Low-Income Children and Health Insurance: Old News and New Realities

Sara Rosenbaum, JD and Peter Budetti, MD, JD

Department of Health Policy
School of Public Health and Health Services
George Washington University Medical Center
Washington, DC 20006
Feinberg School of Medicine
Northwestern University
Chicago, IL 60611

Abbreviations: SCHIP, State Children’s Health Insurance Program

This supplement of Pediatrics presents a series of articles on the State Children’s Health Insurance Program (SCHIP). These articles represent a unique collaborative effort among nationally recognized experts in child health services research, the Agency for Healthcare Research and Quality, The David and Lucile Packard Foundation, and the Health Resources and Services Administration. It is fair to say that these studies are appearing at a momentous time in the evolution of US child health policy. The central challenge that lies ahead is to ensure that their important findings make their way into the extraordinary debate over the future of US health policy that is underway now in the 108th Congress.

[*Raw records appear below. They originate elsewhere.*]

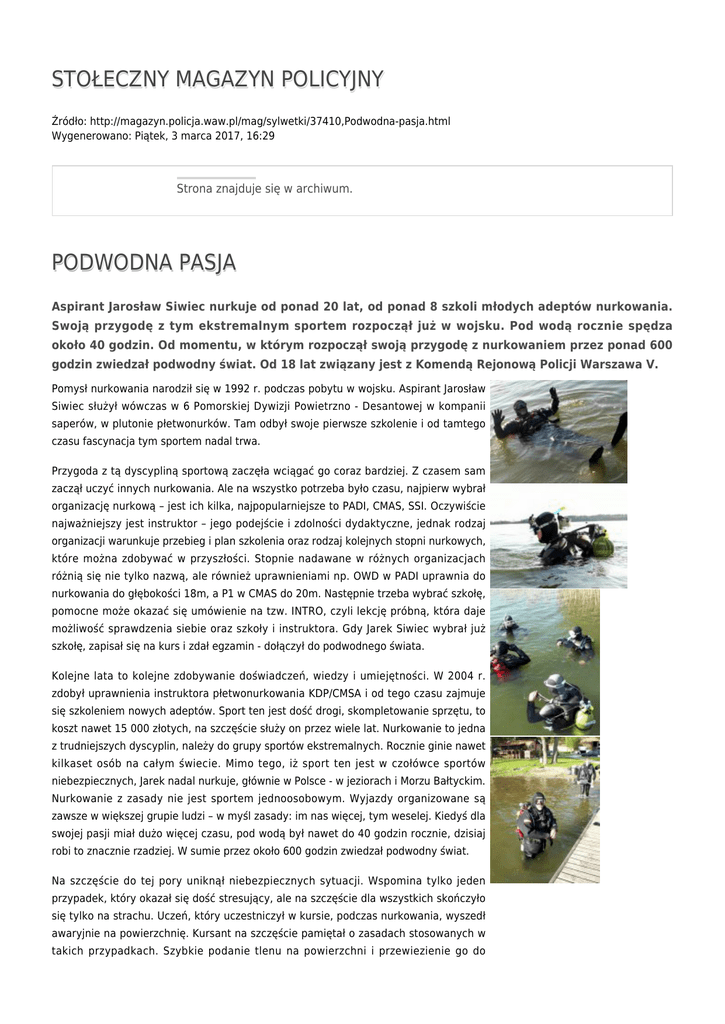 STOŁECZNY MAGAZYN POLICYJNY PODWODNA PASJA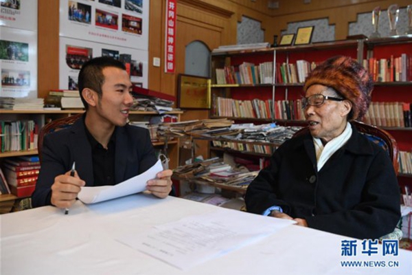 毛浩夫(左)向爺爺毛秉華請教黨史問題(2017年11月17日攝)。新華社記者 申宏攝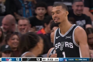 成人打小孩筐既视感!文班转身抹入内线 轻松暴扣打成2+1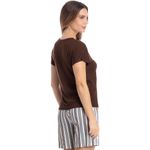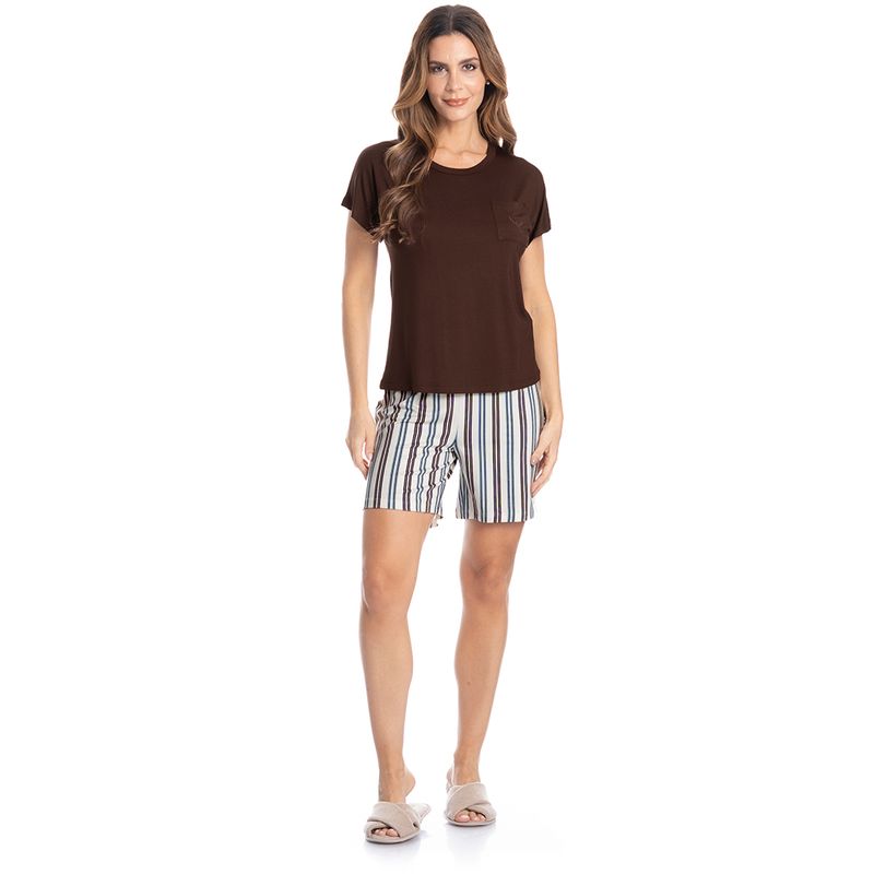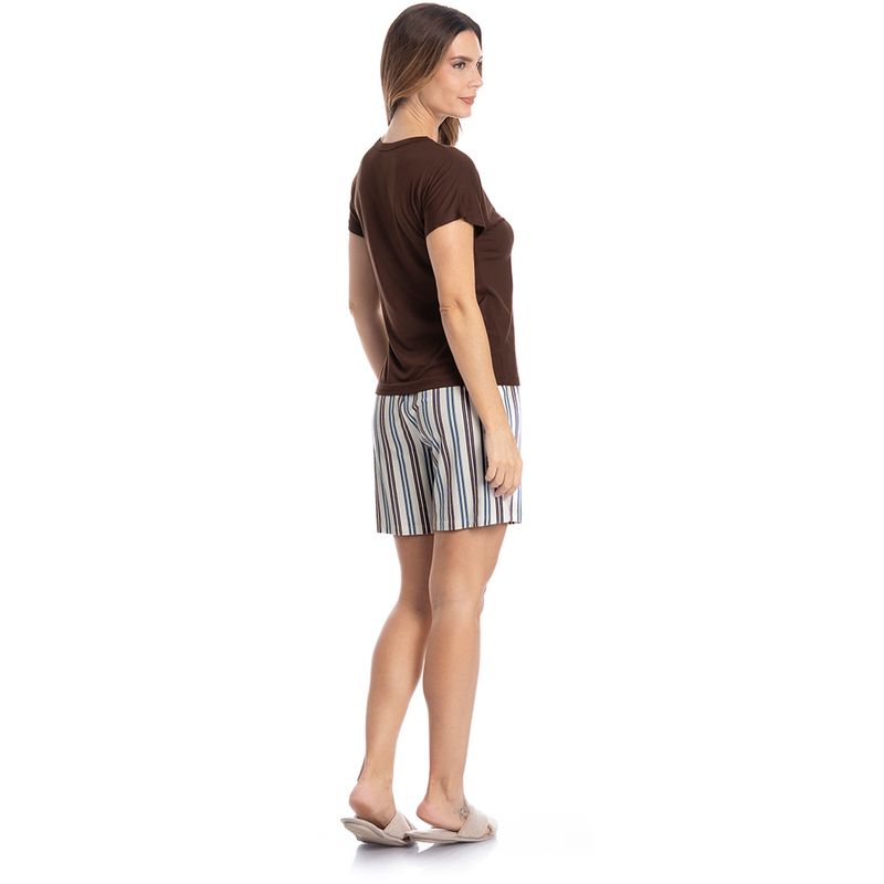 Pijama Feminino Shortão Lia é puro conforto! Sua blusa é lisa com manga curta, possui decote redondo e bolso com um delicado bordado na lateral esquerda da peça. Seu short com uma sofisticada estampa de listras, possui modelagem ampla com elástico macio garantindo muito conforto em seus momentos de descanso. Perfeito para te deixar ainda mais elegante e estilosa em suas noites!

Enacted in 1997, SCHIP had as its central purpose the extension of publicly supported health insurance to uninsured low-income children whose family incomes exceeded Medicaid eligibility levels. SCHIP offered an alternative to existing Medicaid eligibility options for near-poor children whose financial circumstances placed them beyond the poverty level at which Medicaid coverage for children is mandatory; enactment of SCHIP reflected states’ concerns regarding additional expansion of the Medicaid legal entitlement. The response to SCHIP was rapid and dramatic: within 3 years, all states had implemented the program1 and by June 2002, enrollment had surpassed 3.6 million.2 States used SCHIP funds to establish separate programs, expand Medicaid, or implement a combination of the 2 approaches.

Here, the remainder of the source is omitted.